**TO DO:** Leave out the pictures and set down the rest of the listing below word for word.

**DATA BLOCK:**
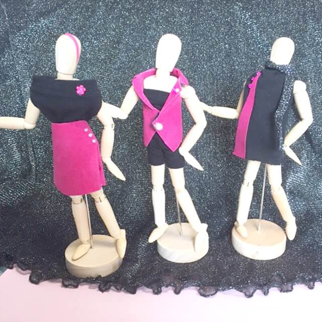 デッサン用ポーズ人形、布用ボンド、はさみ、古着端切れなどの布、フェルト、リボン、ビーズ、マスキングテープ
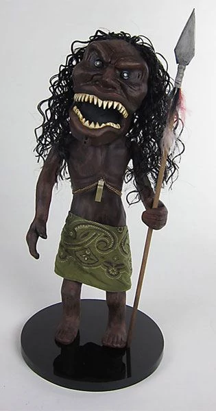 Molded directly from the only surviving original model, this nightmare-inducing Zuni Warrior Fetish Doll stands approx 38 cm tall and comes complete with his trusty spear! This fearsome statue is constructed from heavyweight polystone, and then painstakingly hand painted. The statue also features a cloth skirt, synthetic hair and metal chain. Make sure his chain is securely attached! Limited to 500 pieces worldwide.
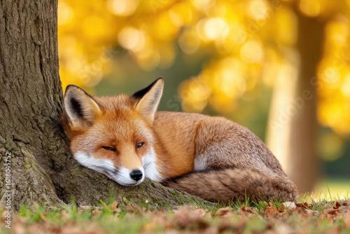 © Moopingz, Fototapeta premium A peaceful red fox is resting curled up next to a tree trunk, with a vibrant golden autumn background.
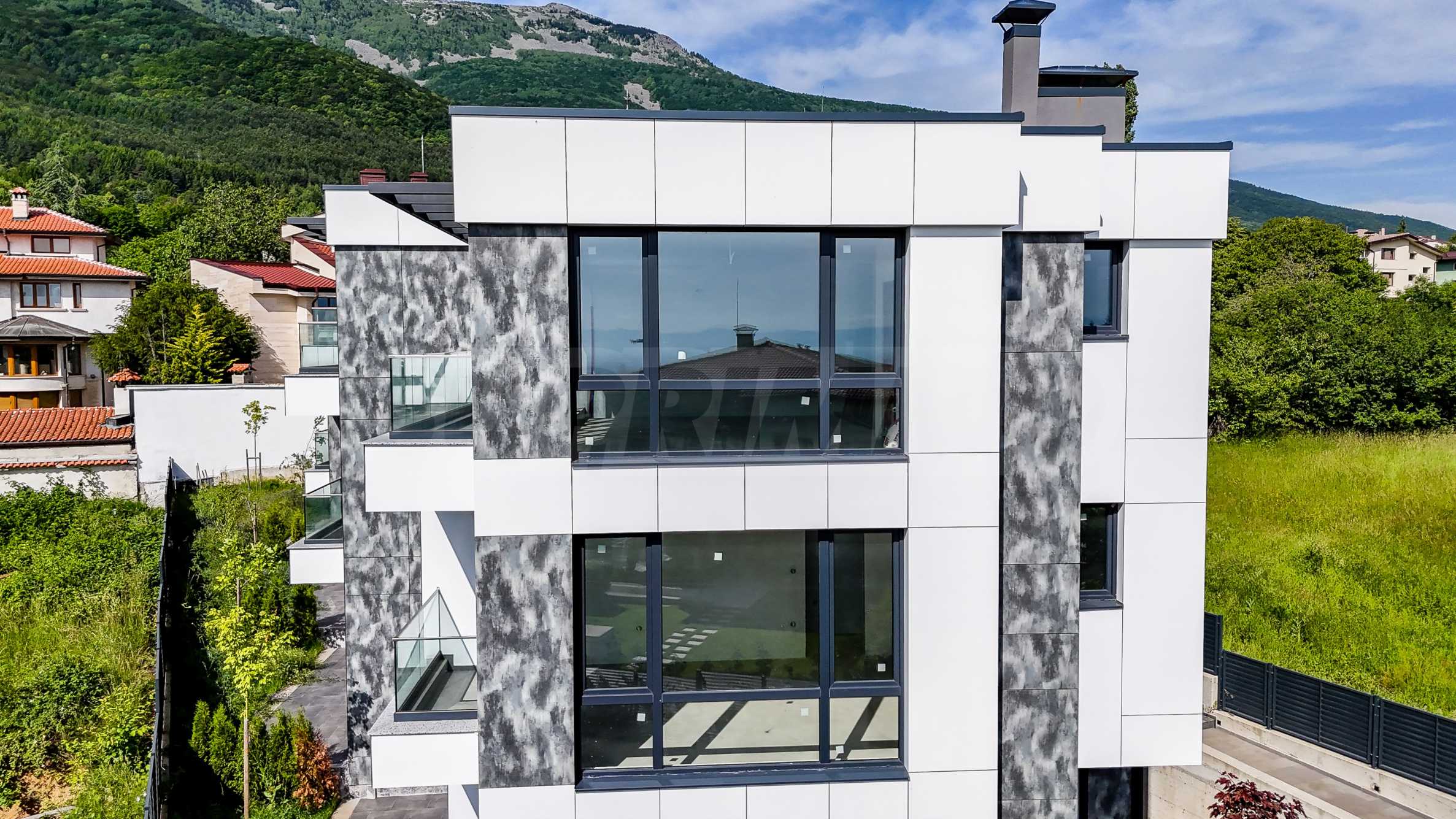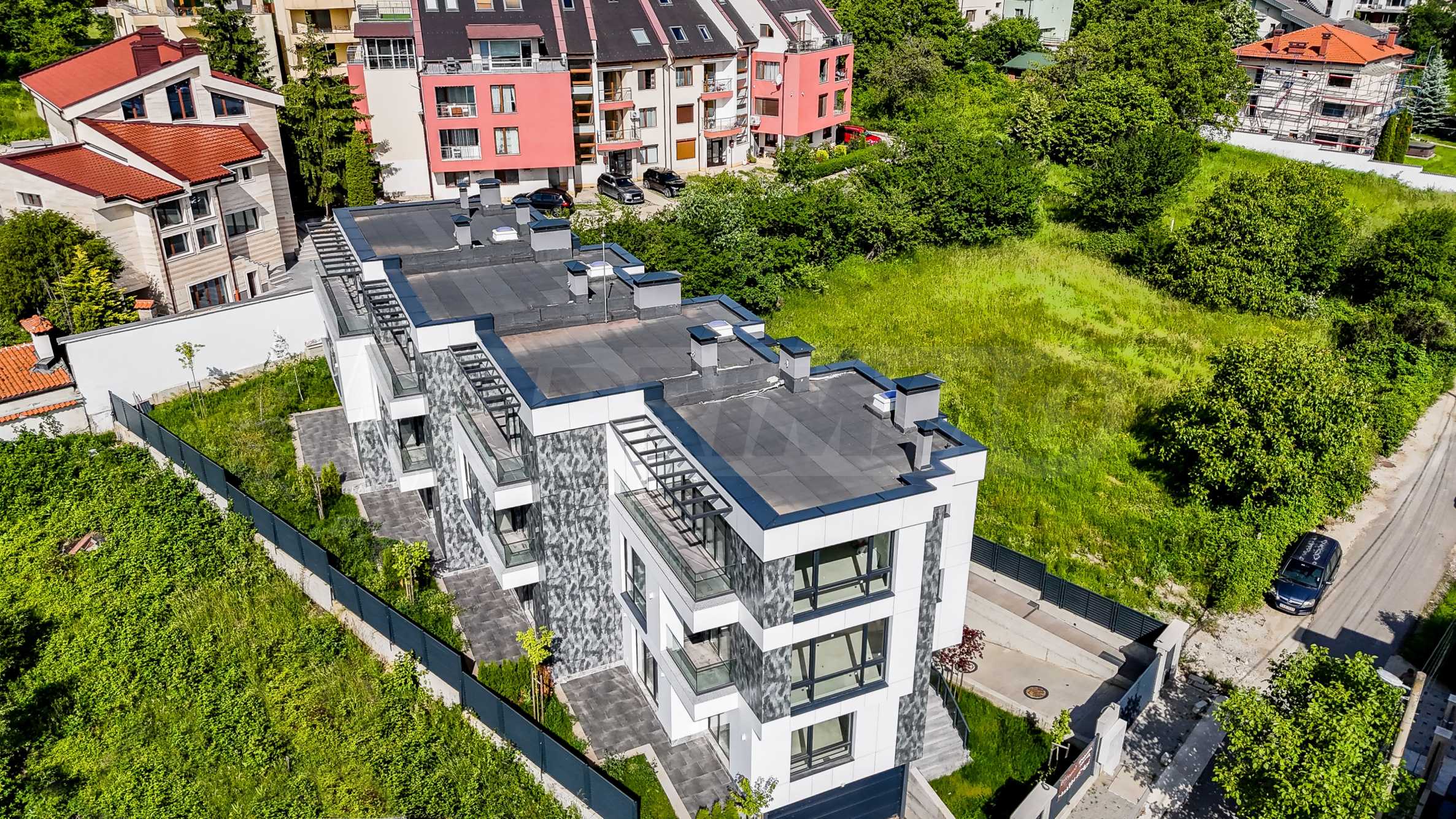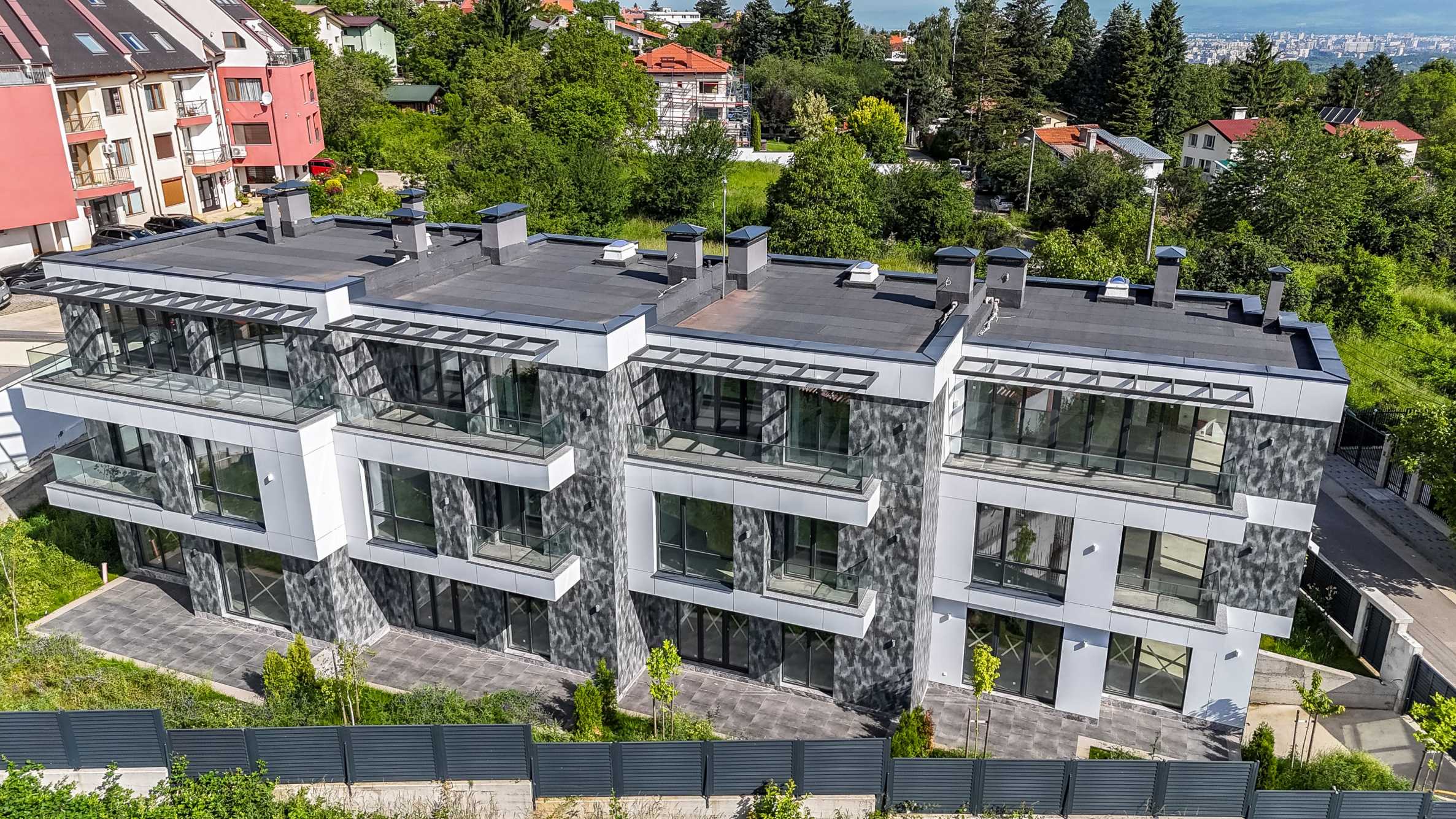 The complex is organized in four buildings designed as a row development, with a modern architectural vision and high-class materials and techniques used in the construction. Each house consists of three above ground levels and one basement level with a double garage with individual garage door and storage space. The houses have functional and spacious rooms with floor-to-ceiling windows that provide plenty of natural light and views of Vitosha, they also have a veranda, and access is controlled to ensure comfort and security.

**SOLUTION TO THE EXERCISE:**
 デッサン用ポーズ人形、布用ボンド、はさみ、古着端切れなどの布、フェルト、リボン、ビーズ、マスキングテープ
 Molded directly from the only surviving original model, this nightmare-inducing Zuni Warrior Fetish Doll stands approx 38 cm tall and comes complete with his trusty spear! This fearsome statue is constructed from heavyweight polystone, and then painstakingly hand painted. The statue also features a cloth skirt, synthetic hair and metal chain. Make sure his chain is securely attached! Limited to 500 pieces worldwide.
 © Moopingz, Fototapeta premium A peaceful red fox is resting curled up next to a tree trunk, with a vibrant golden autumn background.
 The complex is organized in four buildings designed as a row development, with a modern architectural vision and high-class materials and techniques used in the construction. Each house consists of three above ground levels and one basement level with a double garage with individual garage door and storage space. The houses have functional and spacious rooms with floor-to-ceiling windows that provide plenty of natural light and views of Vitosha, they also have a veranda, and access is controlled to ensure comfort and security.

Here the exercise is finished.